Use case: We use DataSync to perform a s3 bucket blue/green update where we do not want s3 replication because it would interfere with the hot s3 bucket while data was loading. Another place we use it is to migrate data during major application changes when buckets change or if we want to migrate data intra-bucket. I have found data sync client to be much faster to move data than s3 client, for large files and large number of files it runs much quicker than boto s3.

Cons:
You will need to create a IAM Role that has access to both buckets , encryption, and sts assume datasync. DataSync is not really useful if you moving <5 GB and < 1000 files since that is easy enough to accomplish with boto3s3. The reason for this is because of a start up time for DataSync tasks.
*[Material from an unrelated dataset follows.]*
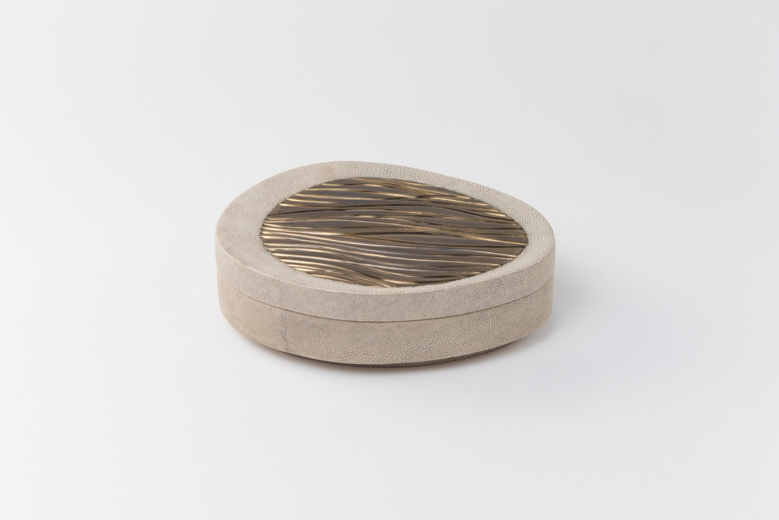 With her soft lines and intricate bronze-patina brass inlay, the Pendant Box M is a beautiful accent for all interiors. This item is available in other finishes and a small size.

There is a small additional cost, I think it was $10USD to move 720Gb, but since this only moves changed files this cost is not incurred unless you are modifying this much data is the s3 bucket. The other downside is there is no way to update the kms key so if moving data between CMK buckets you would have to update the keys to the new kms, this specific action is as slow as boto3 s3 client.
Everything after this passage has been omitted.